There a a few ways that we can express our gratitude - the first being telling people about the glorious truths that we have found in Christ. This isn’t often a difficulty for new believers as we are excited and want to tell everyone because the truth of our salvation is so amazing to us. We don’t even need an opening we just blurt it out - we could get pulled over “Sir do you know how fast you were going? Officer I don’t but do you know that Christ saved me and He can save you too?”

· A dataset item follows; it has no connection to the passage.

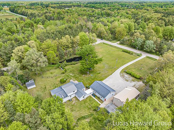 Come discover the delights of your own private retreat situated on approximately 5 acres! This spacious 5 bedroom, 2 bath home In Fruitport School District will not disappoint. The main floor features a primary ensuite, 2 additional bedrooms, dedicated dining area, sunroom, spacious living room and main floor laundry. Upstairs you will find the additional 2 bedrooms with a cozy landing area. If outdoor space & storage is what you crave, this will check all the boxes. Oversized attached 3 stall car garage with access to attic storage with flooring, 48x24 pole barn, with separate electric service and a plethora of 210 & 110 outlets, high ceiling, 16 ft garage door & winterized bathroom, 3 additional storage sheds, garden areas with irrigation & a pond! There is more land to enjoy at the ... back of the property that the ariels don't show, schedule your tour today!

But with distance and time sometimes this can fade and we don’t really seek to tell people as much - we might take an opening but we often cover ourselves with sayings like “there just wasn’t an opening” or “the Spirit didn’t tell me to witness to that person”. And I’m not innocent of any of this - I’m not here pounding my fist or shaking my finger because it has happened to me as well. I’m in a hurry or it just doesn’t seem the right moment and so I stay quiet. What this is is a demonstration of a spirit of fear rather than one of gratitude. We don’t really want to bother the person or we’re afraid of how they may react so instead of demonstrating our thankfulness for what Christ has done for us we just stay quiet.
Another way that we can express gratitude is in standing up for Christ when others around us minimize or pervert or try to bring Him down. This is both inside and outside the church. On Friday night we had the men’s group over our house and we watched a great documentary called American Gospel - Christ Alone. One of the takeaways from that film for me is the tragic situation that many people are falling in to regarding the Gospel - buying into the idea that is contrary to what Paul teaches us in our passage this morning that it is all done by Christ in us but rather that we have to root ourselves in Him, that we build ourselves up and that we are established not because of our confidence in Him but our confidence in our own abilities to keep us saved. And the thing that saddens me is that we are often silent about the truth - that we read or we hear someone in the office say something that isn’t quite right and rather than correct them for the good of their eternal soul we remain quiet so we don’t seem like “that guy”.
But Paul tells us here to have a heart that is overflowing with gratitude - to demonstrate in every facet of our lives that we have been redeemed and to now live out of gratitude for what has been done in us. Later in the letter Paul will write
Colossians 3:17 CSB
And whatever you do, in word or in deed, do everything in the name of the Lord Jesus, giving thanks to God the Father through him.
And he doesn’t just say to be grateful - but to be overflowing with our gratitude. Something that is overflowing can’t be ignored or missed. When the Mississippi River overflows its banks it is not ignored by the people who live along those banks. It is simply a matter of what is the source of our gratitude - is it our feelings which are fickle and can often change with the condition that we are in or is it the sure truths of Scripture that demonstrate for us the reality of our situation and the facts that our lives are being built on?